## TASK INSTRUCTIONS
When the line with "- In the window" turns up below, begin repeating exactly, and carry on through the line with "盈利能力方面, 2026年一"; no pictures go into the copy.

## MATERIAL PROVIDED
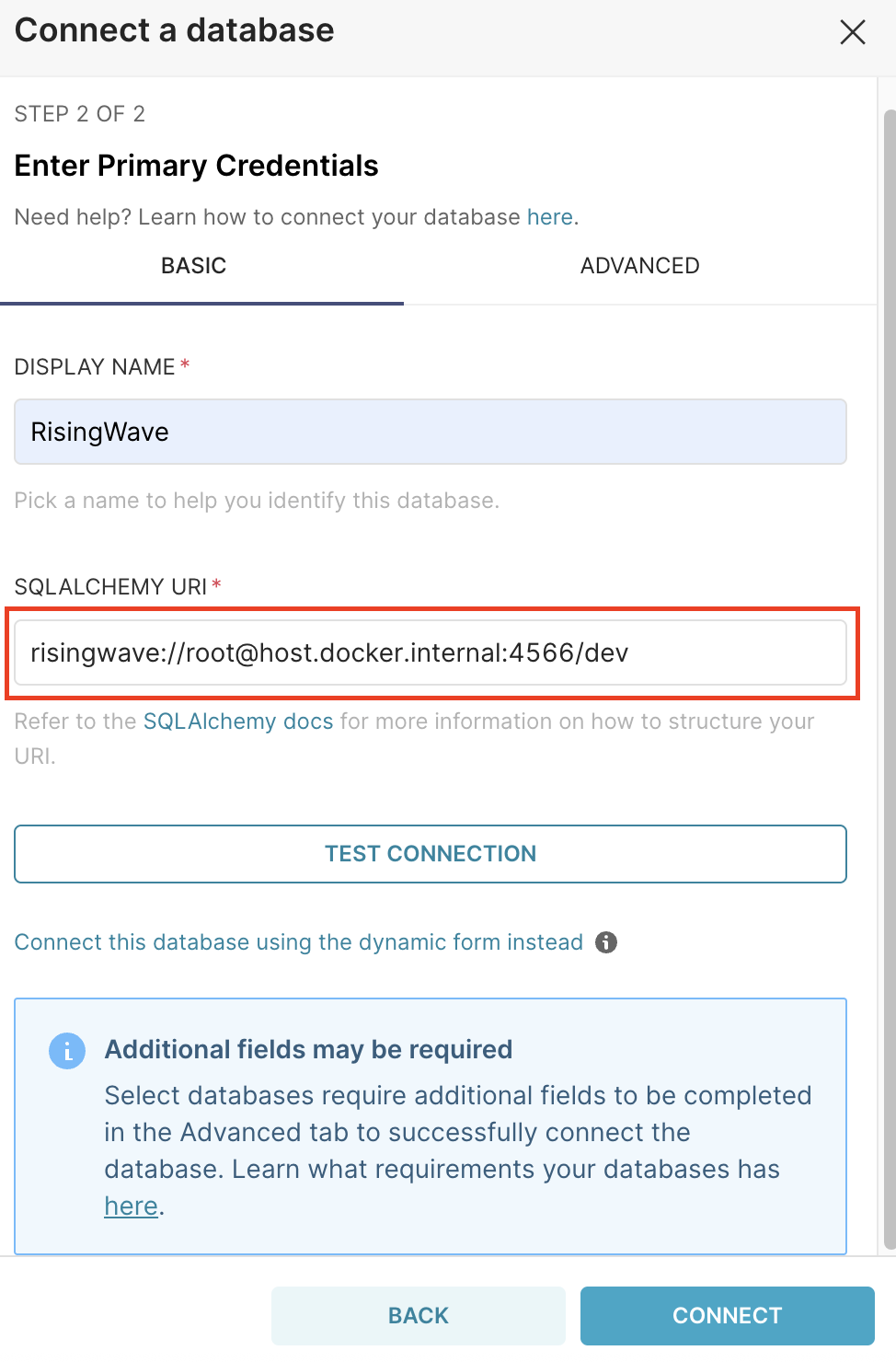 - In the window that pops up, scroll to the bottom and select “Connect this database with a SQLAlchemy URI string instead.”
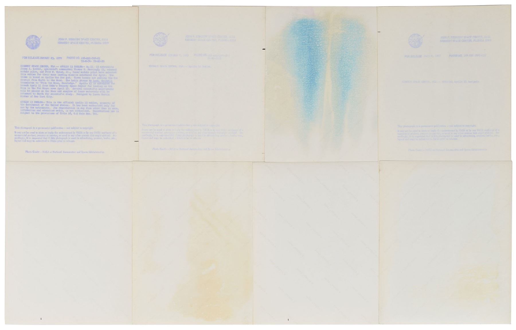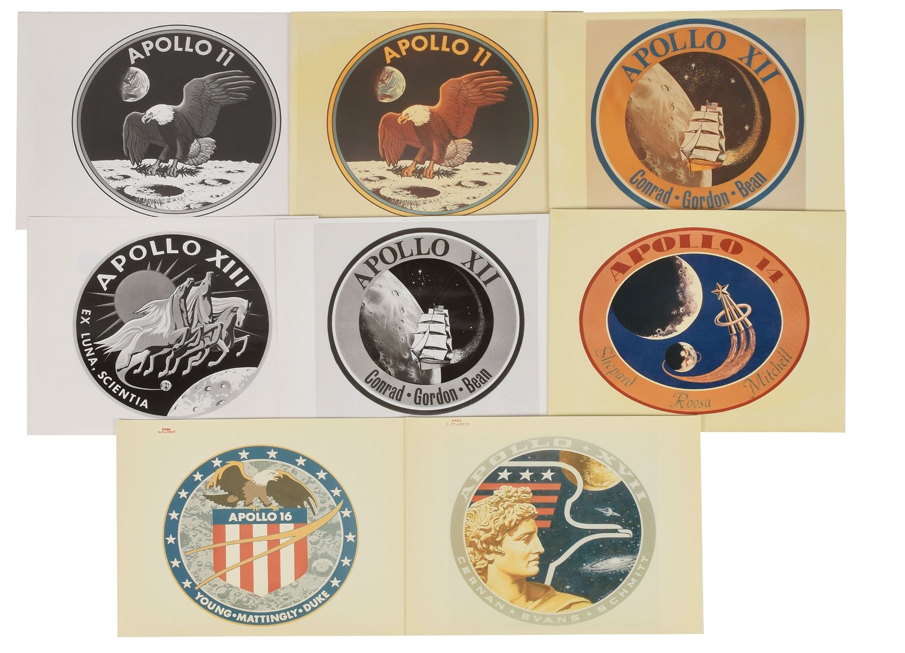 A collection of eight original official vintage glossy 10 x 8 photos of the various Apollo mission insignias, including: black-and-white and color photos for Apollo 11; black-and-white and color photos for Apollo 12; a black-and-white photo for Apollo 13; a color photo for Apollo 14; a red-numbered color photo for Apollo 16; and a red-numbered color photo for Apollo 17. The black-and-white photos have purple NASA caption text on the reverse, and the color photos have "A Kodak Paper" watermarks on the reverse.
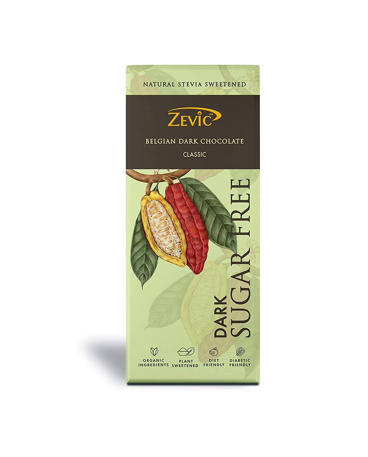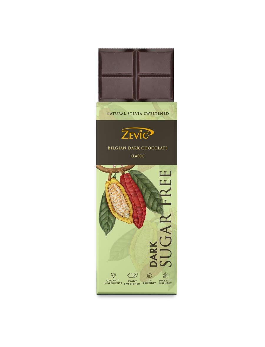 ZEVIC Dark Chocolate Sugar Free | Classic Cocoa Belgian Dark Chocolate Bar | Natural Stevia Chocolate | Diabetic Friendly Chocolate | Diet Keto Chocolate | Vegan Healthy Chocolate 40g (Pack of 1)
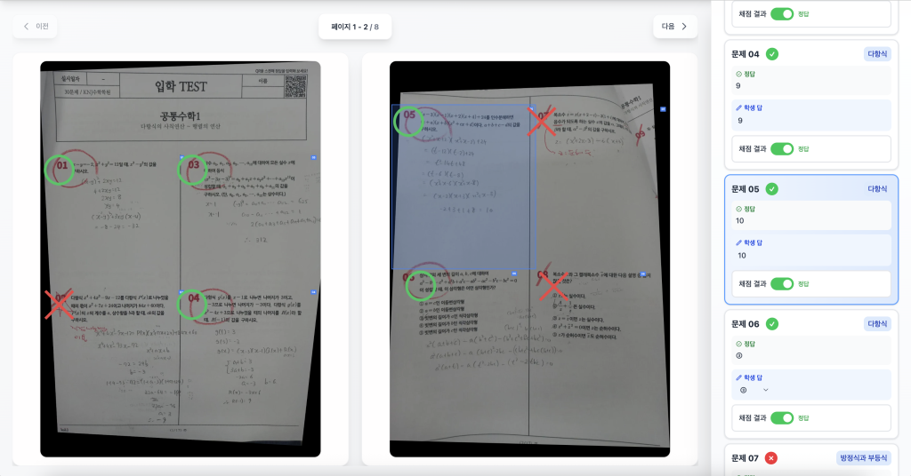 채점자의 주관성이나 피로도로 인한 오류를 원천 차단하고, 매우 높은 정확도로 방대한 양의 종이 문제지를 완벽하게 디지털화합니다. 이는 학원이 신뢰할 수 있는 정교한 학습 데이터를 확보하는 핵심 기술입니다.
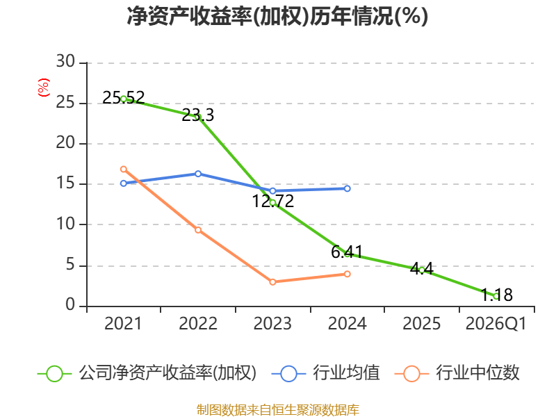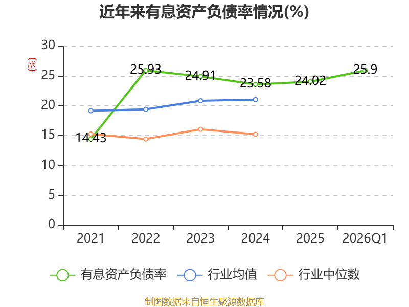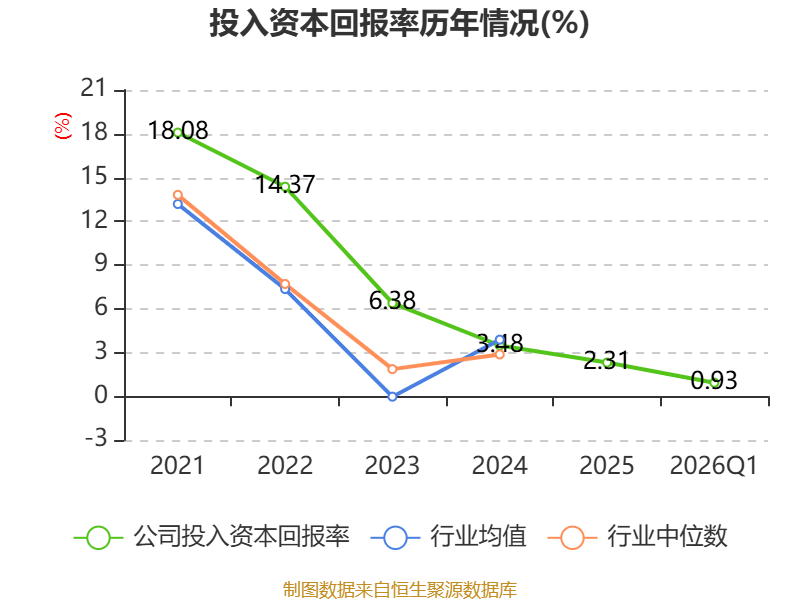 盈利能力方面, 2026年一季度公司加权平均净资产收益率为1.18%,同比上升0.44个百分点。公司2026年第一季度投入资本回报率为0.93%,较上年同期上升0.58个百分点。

==

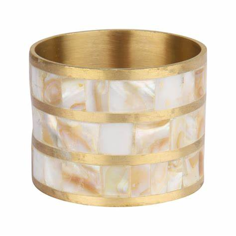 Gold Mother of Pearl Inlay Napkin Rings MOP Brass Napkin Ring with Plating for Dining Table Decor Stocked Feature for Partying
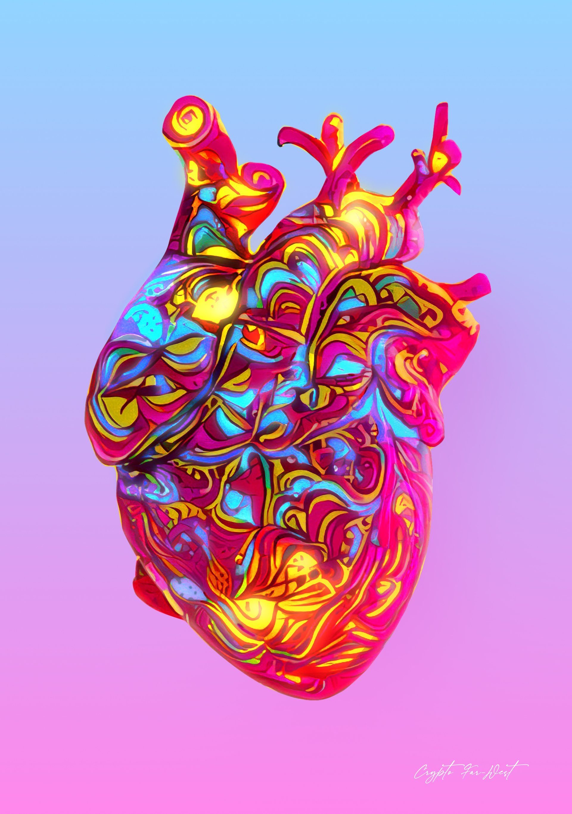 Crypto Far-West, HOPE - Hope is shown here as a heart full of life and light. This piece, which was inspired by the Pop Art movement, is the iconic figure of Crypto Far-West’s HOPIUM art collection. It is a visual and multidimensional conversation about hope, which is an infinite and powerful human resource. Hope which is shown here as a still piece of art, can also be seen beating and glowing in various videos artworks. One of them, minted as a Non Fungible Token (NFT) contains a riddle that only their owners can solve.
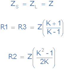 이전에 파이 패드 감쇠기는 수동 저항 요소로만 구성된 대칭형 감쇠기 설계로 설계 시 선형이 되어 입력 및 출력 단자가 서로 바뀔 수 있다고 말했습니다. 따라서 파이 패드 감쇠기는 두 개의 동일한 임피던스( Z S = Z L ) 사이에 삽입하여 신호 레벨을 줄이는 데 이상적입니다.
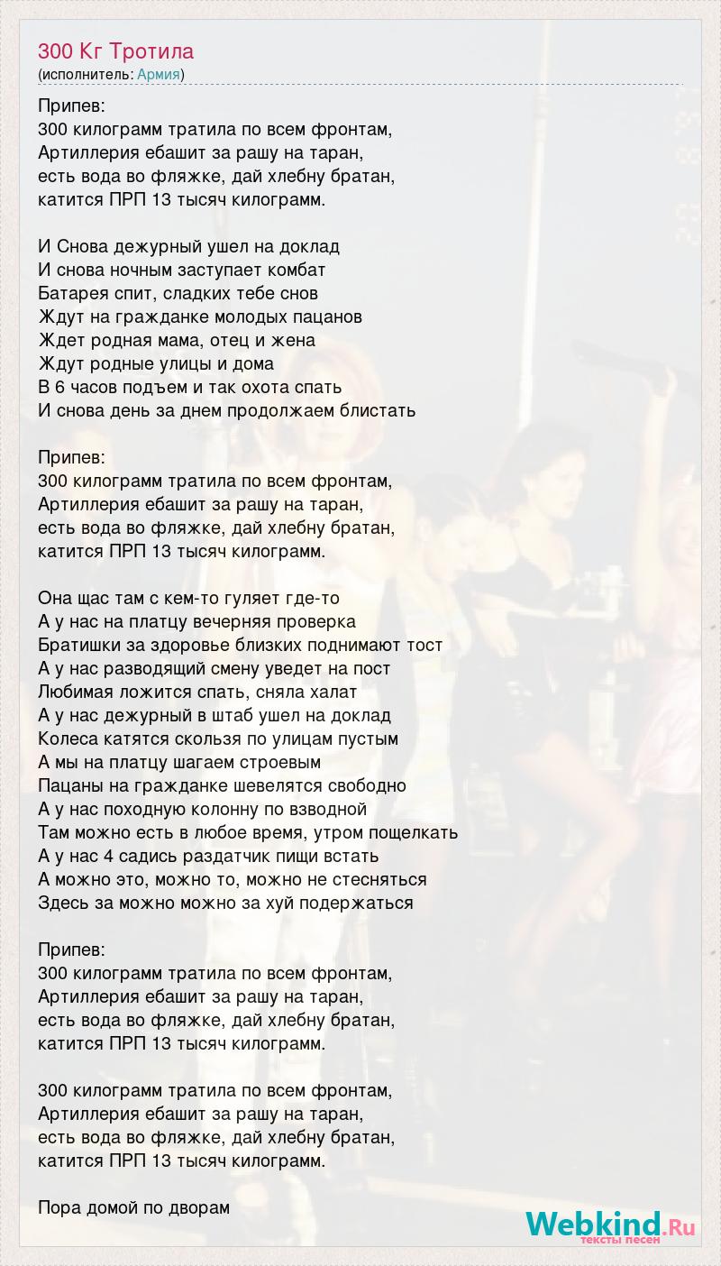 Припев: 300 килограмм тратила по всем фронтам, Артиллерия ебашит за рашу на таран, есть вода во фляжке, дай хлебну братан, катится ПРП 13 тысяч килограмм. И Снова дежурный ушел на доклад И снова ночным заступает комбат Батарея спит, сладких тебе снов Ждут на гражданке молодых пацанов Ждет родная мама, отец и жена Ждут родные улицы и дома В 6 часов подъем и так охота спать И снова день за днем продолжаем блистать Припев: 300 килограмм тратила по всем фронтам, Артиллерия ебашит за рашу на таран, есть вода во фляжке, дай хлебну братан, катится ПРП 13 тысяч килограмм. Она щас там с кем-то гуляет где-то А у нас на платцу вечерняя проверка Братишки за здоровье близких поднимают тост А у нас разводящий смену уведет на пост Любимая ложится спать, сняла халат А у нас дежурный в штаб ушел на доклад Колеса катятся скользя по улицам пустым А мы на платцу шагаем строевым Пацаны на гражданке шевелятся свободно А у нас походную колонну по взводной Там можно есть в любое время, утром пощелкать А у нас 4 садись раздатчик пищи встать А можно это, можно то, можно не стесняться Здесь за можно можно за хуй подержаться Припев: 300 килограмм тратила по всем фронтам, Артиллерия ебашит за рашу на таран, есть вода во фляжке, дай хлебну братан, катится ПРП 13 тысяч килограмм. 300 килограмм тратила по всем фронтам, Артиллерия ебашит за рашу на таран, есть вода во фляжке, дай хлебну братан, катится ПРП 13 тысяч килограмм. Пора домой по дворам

## RESULT FOR THIS EXERCISE
 - In the window that pops up, scroll to the bottom and select “Connect this database with a SQLAlchemy URI string instead.”
 A collection of eight original official vintage glossy 10 x 8 photos of the various Apollo mission insignias, including: black-and-white and color photos for Apollo 11; black-and-white and color photos for Apollo 12; a black-and-white photo for Apollo 13; a color photo for Apollo 14; a red-numbered color photo for Apollo 16; and a red-numbered color photo for Apollo 17. The black-and-white photos have purple NASA caption text on the reverse, and the color photos have "A Kodak Paper" watermarks on the reverse.
 ZEVIC Dark Chocolate Sugar Free | Classic Cocoa Belgian Dark Chocolate Bar | Natural Stevia Chocolate | Diabetic Friendly Chocolate | Diet Keto Chocolate | Vegan Healthy Chocolate 40g (Pack of 1)
 채점자의 주관성이나 피로도로 인한 오류를 원천 차단하고, 매우 높은 정확도로 방대한 양의 종이 문제지를 완벽하게 디지털화합니다. 이는 학원이 신뢰할 수 있는 정교한 학습 데이터를 확보하는 핵심 기술입니다.
 盈利能力方面, 2026年一季度公司加权平均净资产收益率为1.18%,同比上升0.44个百分点。公司2026年第一季度投入资本回报率为0.93%,较上年同期上升0.58个百分点。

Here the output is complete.